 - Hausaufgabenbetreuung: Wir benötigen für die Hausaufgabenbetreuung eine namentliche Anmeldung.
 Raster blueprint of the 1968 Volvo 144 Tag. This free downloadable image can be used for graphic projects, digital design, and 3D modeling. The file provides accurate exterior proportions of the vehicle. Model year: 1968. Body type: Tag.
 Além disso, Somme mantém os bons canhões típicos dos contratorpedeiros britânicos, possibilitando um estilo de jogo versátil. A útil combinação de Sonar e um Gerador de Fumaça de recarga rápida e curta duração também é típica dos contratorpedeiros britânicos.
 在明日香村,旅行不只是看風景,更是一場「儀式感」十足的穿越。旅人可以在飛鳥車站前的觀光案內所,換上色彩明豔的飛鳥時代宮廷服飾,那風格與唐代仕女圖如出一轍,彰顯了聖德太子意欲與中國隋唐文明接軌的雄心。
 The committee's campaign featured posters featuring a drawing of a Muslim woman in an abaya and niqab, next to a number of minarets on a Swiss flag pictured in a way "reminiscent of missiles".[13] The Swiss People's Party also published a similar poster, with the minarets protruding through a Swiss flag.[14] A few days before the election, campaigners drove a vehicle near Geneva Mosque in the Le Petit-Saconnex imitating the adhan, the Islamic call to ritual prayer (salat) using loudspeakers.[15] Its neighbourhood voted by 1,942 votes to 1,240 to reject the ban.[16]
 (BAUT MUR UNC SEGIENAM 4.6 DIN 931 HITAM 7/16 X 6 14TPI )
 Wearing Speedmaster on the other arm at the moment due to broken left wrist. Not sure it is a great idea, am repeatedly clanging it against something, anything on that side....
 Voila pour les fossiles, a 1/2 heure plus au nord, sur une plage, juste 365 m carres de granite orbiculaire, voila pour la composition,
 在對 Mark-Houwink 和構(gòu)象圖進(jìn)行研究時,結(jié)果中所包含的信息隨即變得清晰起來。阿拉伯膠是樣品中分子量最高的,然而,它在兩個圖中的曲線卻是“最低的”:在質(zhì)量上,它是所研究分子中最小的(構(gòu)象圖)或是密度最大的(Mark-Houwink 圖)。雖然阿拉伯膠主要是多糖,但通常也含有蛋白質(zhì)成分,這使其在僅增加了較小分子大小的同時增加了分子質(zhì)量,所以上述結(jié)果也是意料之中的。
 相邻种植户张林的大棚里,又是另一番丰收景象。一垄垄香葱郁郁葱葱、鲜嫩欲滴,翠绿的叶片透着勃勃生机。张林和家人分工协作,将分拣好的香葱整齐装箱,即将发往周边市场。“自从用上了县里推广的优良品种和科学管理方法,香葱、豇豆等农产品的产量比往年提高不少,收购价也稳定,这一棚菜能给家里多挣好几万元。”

——

Task objective>
Nothing in the listing should be left out; repeat it exactly.

Written solution>
 - Hausaufgabenbetreuung: Wir benötigen für die Hausaufgabenbetreuung eine namentliche Anmeldung.
 Raster blueprint of the 1968 Volvo 144 Tag. This free downloadable image can be used for graphic projects, digital design, and 3D modeling. The file provides accurate exterior proportions of the vehicle. Model year: 1968. Body type: Tag.
 Além disso, Somme mantém os bons canhões típicos dos contratorpedeiros britânicos, possibilitando um estilo de jogo versátil. A útil combinação de Sonar e um Gerador de Fumaça de recarga rápida e curta duração também é típica dos contratorpedeiros britânicos.
 在明日香村,旅行不只是看風景,更是一場「儀式感」十足的穿越。旅人可以在飛鳥車站前的觀光案內所,換上色彩明豔的飛鳥時代宮廷服飾,那風格與唐代仕女圖如出一轍,彰顯了聖德太子意欲與中國隋唐文明接軌的雄心。
 The committee's campaign featured posters featuring a drawing of a Muslim woman in an abaya and niqab, next to a number of minarets on a Swiss flag pictured in a way "reminiscent of missiles".[13] The Swiss People's Party also published a similar poster, with the minarets protruding through a Swiss flag.[14] A few days before the election, campaigners drove a vehicle near Geneva Mosque in the Le Petit-Saconnex imitating the adhan, the Islamic call to ritual prayer (salat) using loudspeakers.[15] Its neighbourhood voted by 1,942 votes to 1,240 to reject the ban.[16]
 (BAUT MUR UNC SEGIENAM 4.6 DIN 931 HITAM 7/16 X 6 14TPI )
 Wearing Speedmaster on the other arm at the moment due to broken left wrist. Not sure it is a great idea, am repeatedly clanging it against something, anything on that side....
 Voila pour les fossiles, a 1/2 heure plus au nord, sur une plage, juste 365 m carres de granite orbiculaire, voila pour la composition,
 在對 Mark-Houwink 和構(gòu)象圖進(jìn)行研究時,結(jié)果中所包含的信息隨即變得清晰起來。阿拉伯膠是樣品中分子量最高的,然而,它在兩個圖中的曲線卻是“最低的”:在質(zhì)量上,它是所研究分子中最小的(構(gòu)象圖)或是密度最大的(Mark-Houwink 圖)。雖然阿拉伯膠主要是多糖,但通常也含有蛋白質(zhì)成分,這使其在僅增加了較小分子大小的同時增加了分子質(zhì)量,所以上述結(jié)果也是意料之中的。
 相邻种植户张林的大棚里,又是另一番丰收景象。一垄垄香葱郁郁葱葱、鲜嫩欲滴,翠绿的叶片透着勃勃生机。张林和家人分工协作,将分拣好的香葱整齐装箱,即将发往周边市场。“自从用上了县里推广的优良品种和科学管理方法,香葱、豇豆等农产品的产量比往年提高不少,收购价也稳定,这一棚菜能给家里多挣好几万元。”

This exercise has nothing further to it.